• What is needed: Exactly as they appear below, repeat the lines from the one with "2021新款简约女士菱格包包大容量中年包多层软皮质..." through the one with "5.点击【新增】,在新增的一", and no others.
─── Data
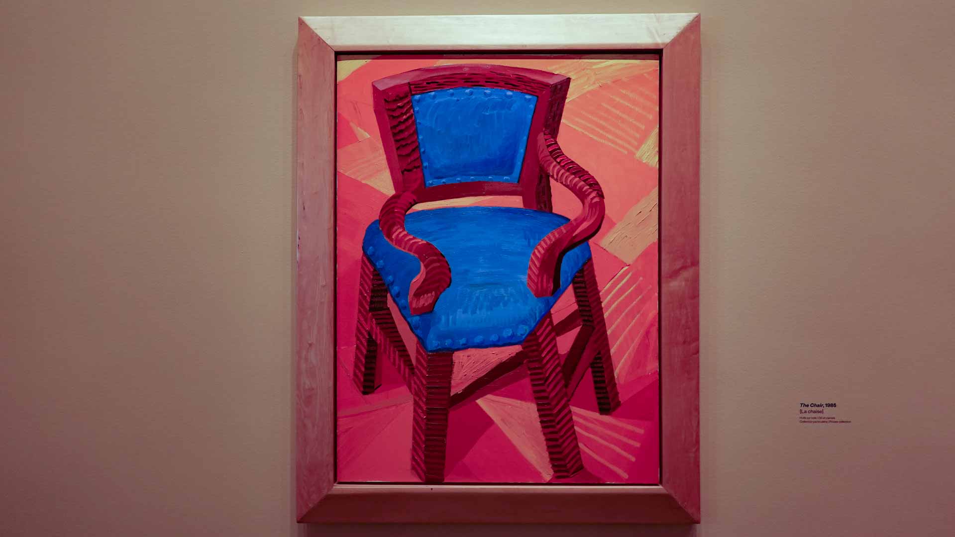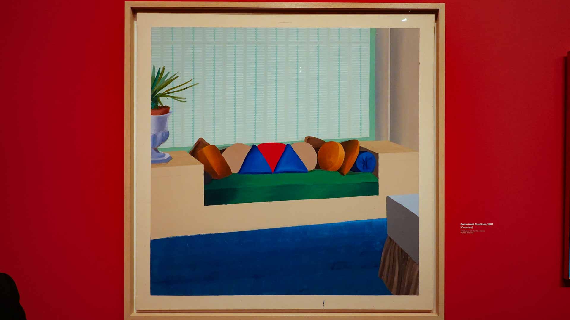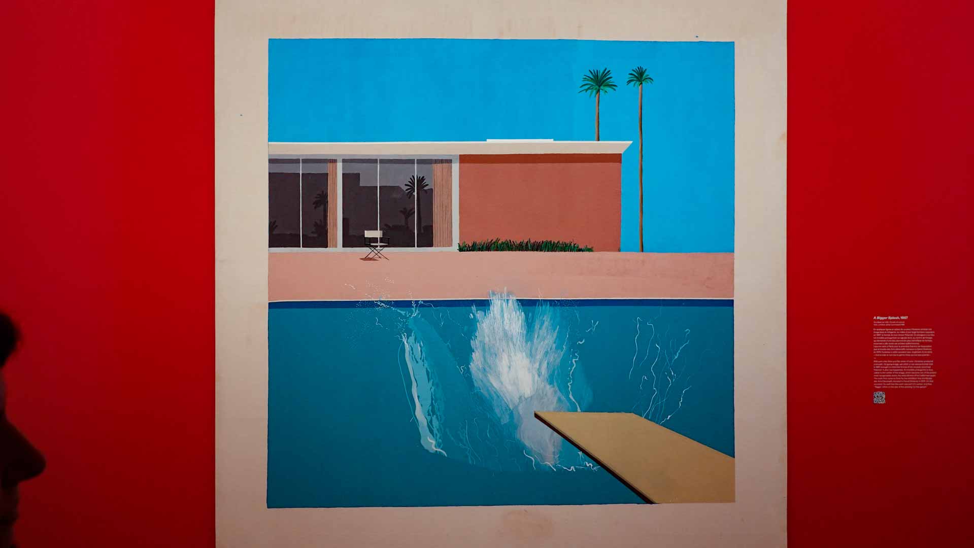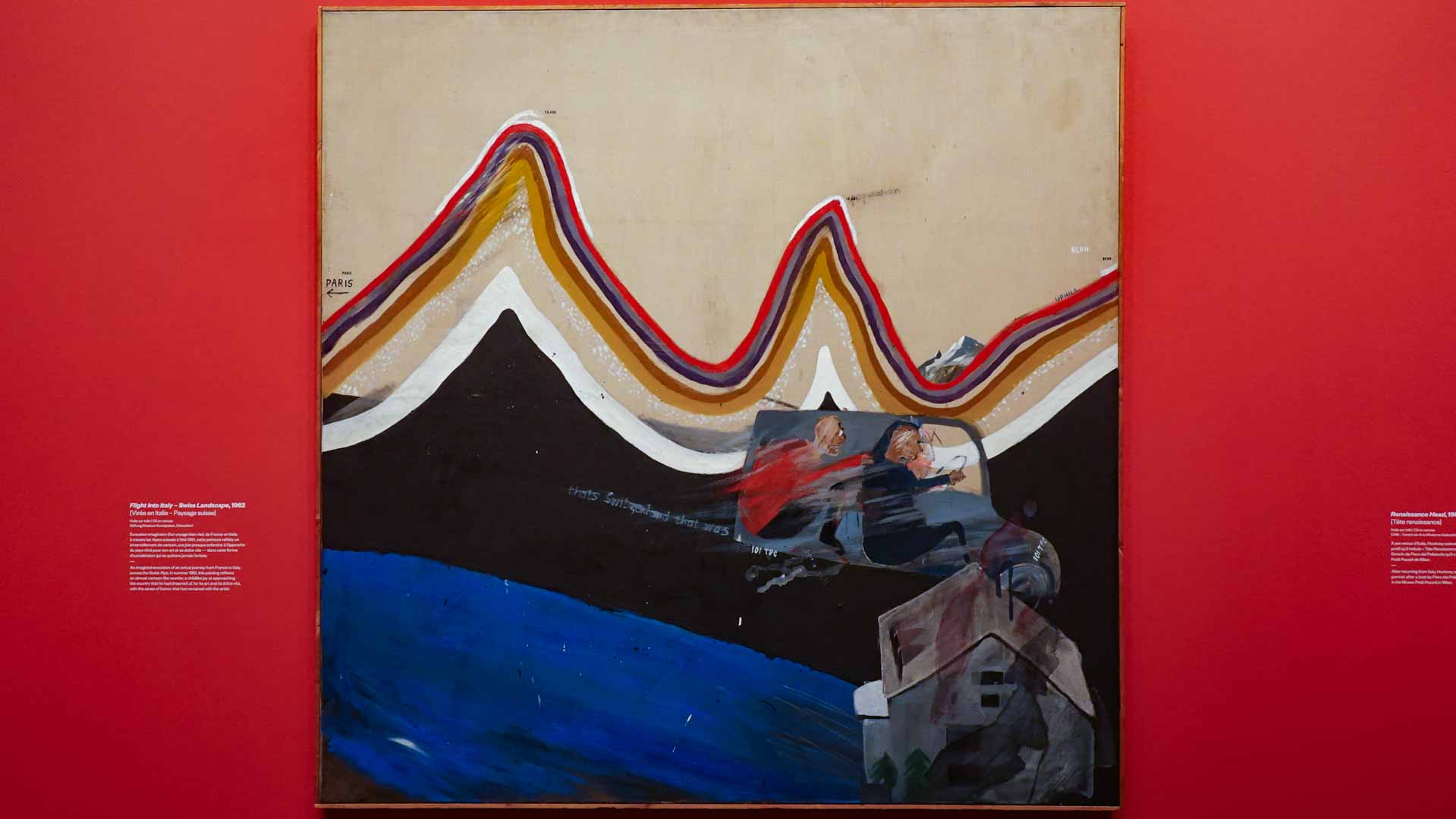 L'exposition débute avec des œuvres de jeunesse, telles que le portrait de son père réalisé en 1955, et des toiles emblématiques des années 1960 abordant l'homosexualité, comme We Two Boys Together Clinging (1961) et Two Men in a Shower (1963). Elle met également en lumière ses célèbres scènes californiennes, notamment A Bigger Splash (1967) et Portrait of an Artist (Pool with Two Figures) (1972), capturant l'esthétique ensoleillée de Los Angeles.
──────
─── Data
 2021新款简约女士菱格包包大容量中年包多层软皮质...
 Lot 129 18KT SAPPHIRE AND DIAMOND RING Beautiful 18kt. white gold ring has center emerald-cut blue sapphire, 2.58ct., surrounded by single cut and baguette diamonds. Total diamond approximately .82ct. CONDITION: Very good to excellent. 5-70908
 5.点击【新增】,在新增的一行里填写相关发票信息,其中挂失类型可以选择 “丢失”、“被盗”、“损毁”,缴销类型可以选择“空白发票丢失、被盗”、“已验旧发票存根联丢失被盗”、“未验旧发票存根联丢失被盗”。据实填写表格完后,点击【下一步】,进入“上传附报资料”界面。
──────
• Written response:
 2021新款简约女士菱格包包大容量中年包多层软皮质...
 Lot 129 18KT SAPPHIRE AND DIAMOND RING Beautiful 18kt. white gold ring has center emerald-cut blue sapphire, 2.58ct., surrounded by single cut and baguette diamonds. Total diamond approximately .82ct. CONDITION: Very good to excellent. 5-70908
 5.点击【新增】,在新增的一行里填写相关发票信息,其中挂失类型可以选择 “丢失”、“被盗”、“损毁”,缴销类型可以选择“空白发票丢失、被盗”、“已验旧发票存根联丢失被盗”、“未验旧发票存根联丢失被盗”。据实填写表格完后,点击【下一步】,进入“上传附报资料”界面。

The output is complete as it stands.